RECORDED INFORMATION Start Marker
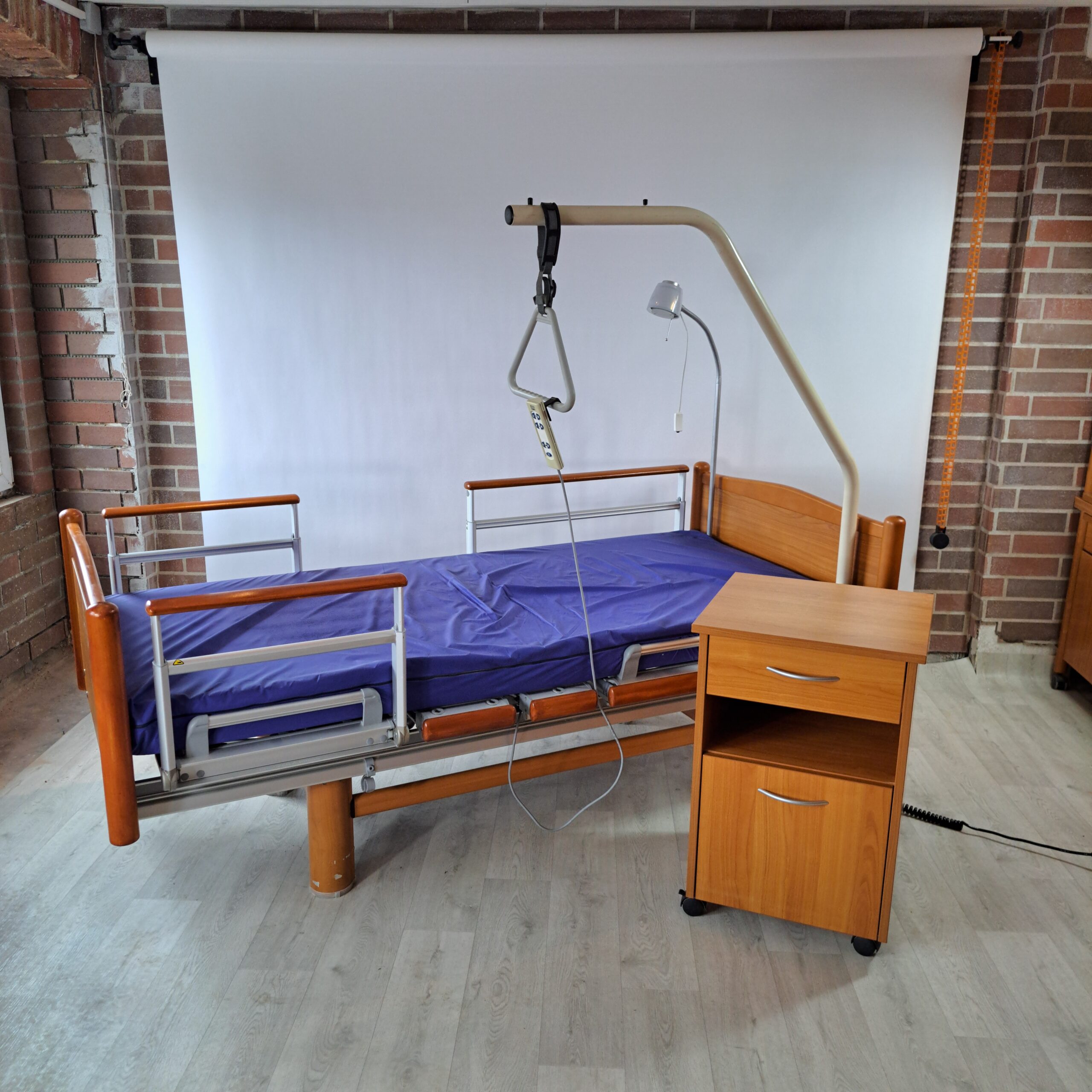 Elektricky polohovatelná repasovaná postel od německého výrobce Völker model 3080 v třešnovém odstínu ve zvýhodněném setu:
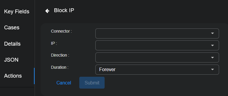 Click Submit. A quarantine on the target is immediately triggered from the SentinelOne service associated with your connector.
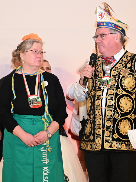 "In den Farben getrennt, in der Sache vereint", kommentierte Bielstein Prinzessin Tina das Zusammentreffen bei deren Auftritt passend. Andrea Eichler-Fliegner von der Kreisverwaltung hatte die Organisation der Veranstaltung übernommen, von den Rader Jecken gab es dafür einen Orden auf der Bühne. Statt Tanz und Liedchen hallten „Salutschüsse“ von den "Hanse Husaren" durch den Sall, als sie Ballons platzen ließen.
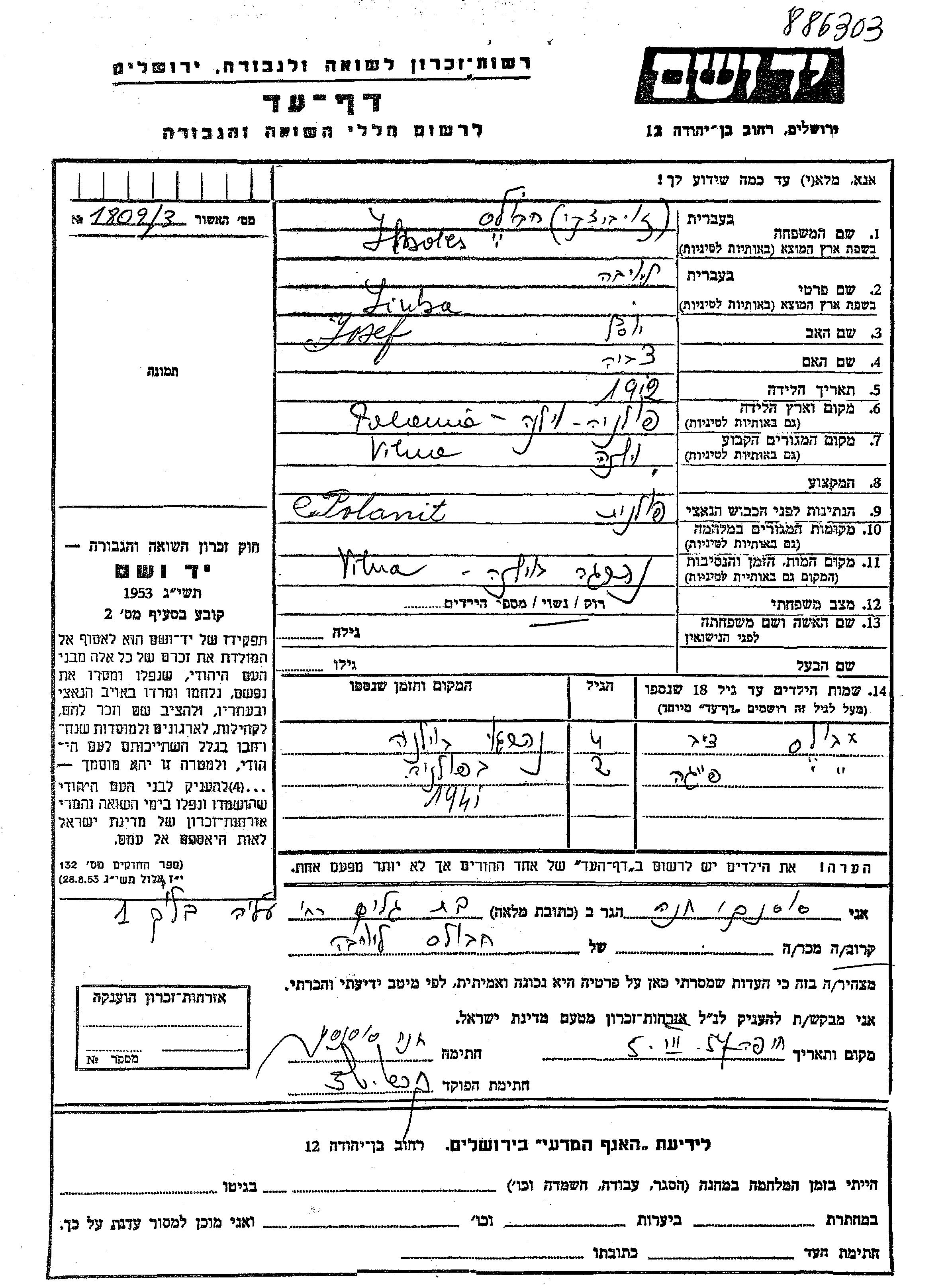 Yad Vashem - Pages of Testimony Names Memorial Collection
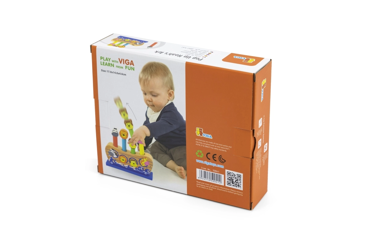 Τα ξύλινα πηδηχτά ζωάκια Viga θα ενθουσιάσουν κάθε παιδί με τα έντονα χρώματα τους και τις χαρούμενες φιγούρες καμηλοπάρδαλης, μαϊμούς, λιονταριού και ζέβρας. Αρκεί να πατήσετε το κεφαλάκι και το ζωάκι από την κιβωτό του Νώε θα πεταχτεί – ένα διασκεδαστικό παιχνίδι που ενισχύει τον συντονισμό ματιού–χεριού, την εκμάθηση χρωμάτων και την αναγνώριση ζώων. Η ασφαλής κατασκευή από ποιοτικό ξύλο και τα μη τοξικά χρώματα εξασφαλίζουν ήρεμο και χαρούμενο παιχνίδι.
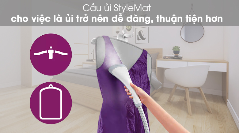 Bàn ủi hơi nước đứng Philips với móc treo và cầu ủi StyleMat cho việc là ủi trở nên dễ dàng, thuận tiện, nhanh chóng hơn
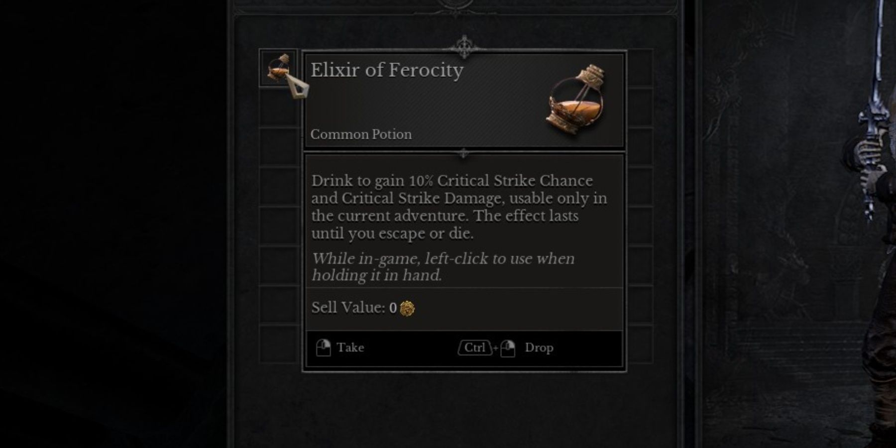 Зелье, спрятанное в подземельях, при употреблении во время игры увеличивает пассивное восстановление здоровья на протяжении всего забега. Эти зелья нельзя вынести из подземелья, их нужно найти и использовать внутри него. Несмотря на это ограничение, они остаются ценными, поскольку игроки могут выпить до трех зелий, каждое из которых дает накопительный эффект, улучшающий игровой процесс в подземелье.
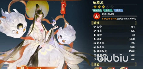 地藏王的普攻技“慈悲掌”会攻击一名敌人,造成60%伤害后,治疗百分比血量最少的队友,他的回合技“净罪明王”可以净化一名队友的1个负面后,对其进行治疗回复其自身20%的血量,并让该队友额外得到攻击提升效果。
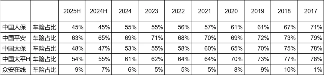 当所有财险公司都以车险为主业时,我们来看看众安的车险占比,我整理如下图:
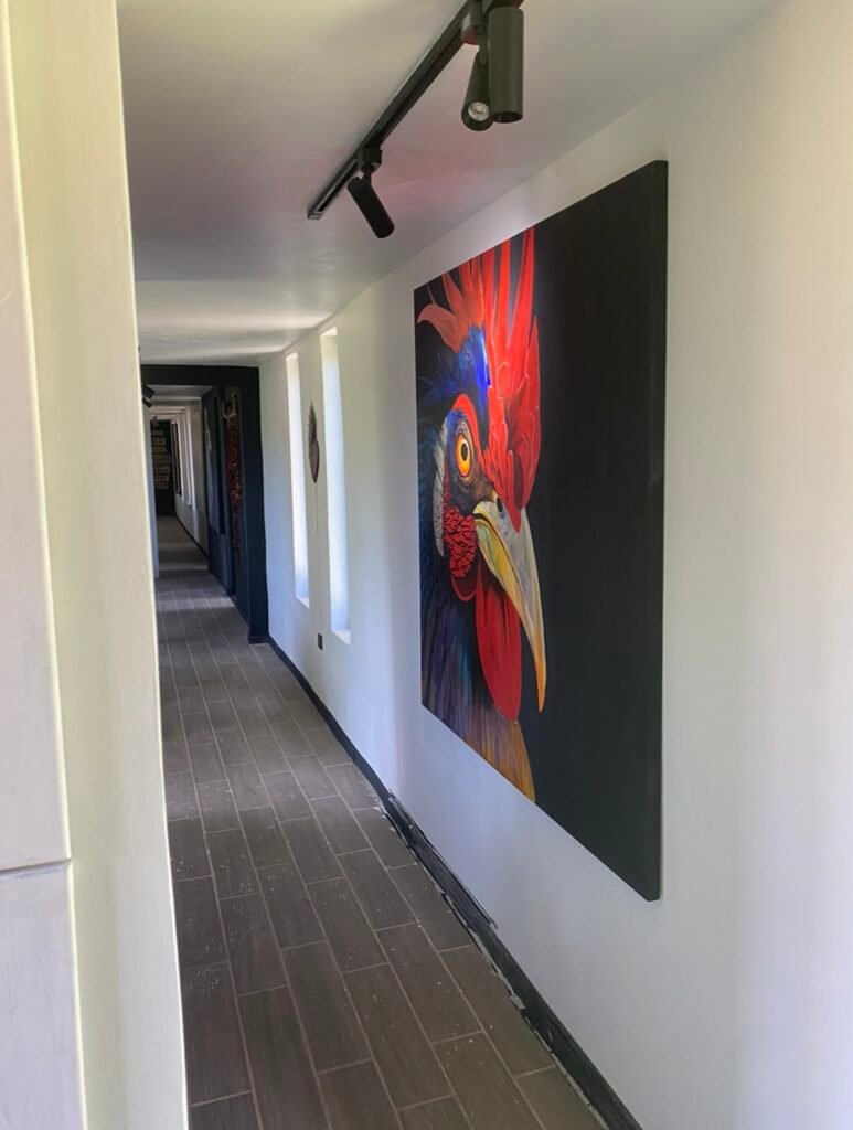 Si buscas un cuadro de gallo para decoración interior, esta pieza de gran formato (150 x 150 cm) es ideal para darle carácter, color y estilo a tu hogar. Es una obra única y exclusiva, trabajada en acrílico y técnicas mixtas, destacando por su presencia visual fuerte y su composición moderna.
RECORDED INFORMATION End Marker
▸ TASK
Write out the records above exactly. Begin with the first line, end with the line holding "Yad Vashem - Pages", and drop the pictures.

▸ RESULT
 Elektricky polohovatelná repasovaná postel od německého výrobce Völker model 3080 v třešnovém odstínu ve zvýhodněném setu:
 Click Submit. A quarantine on the target is immediately triggered from the SentinelOne service associated with your connector.
 "In den Farben getrennt, in der Sache vereint", kommentierte Bielstein Prinzessin Tina das Zusammentreffen bei deren Auftritt passend. Andrea Eichler-Fliegner von der Kreisverwaltung hatte die Organisation der Veranstaltung übernommen, von den Rader Jecken gab es dafür einen Orden auf der Bühne. Statt Tanz und Liedchen hallten „Salutschüsse“ von den "Hanse Husaren" durch den Sall, als sie Ballons platzen ließen.
 Yad Vashem - Pages of Testimony Names Memorial Collection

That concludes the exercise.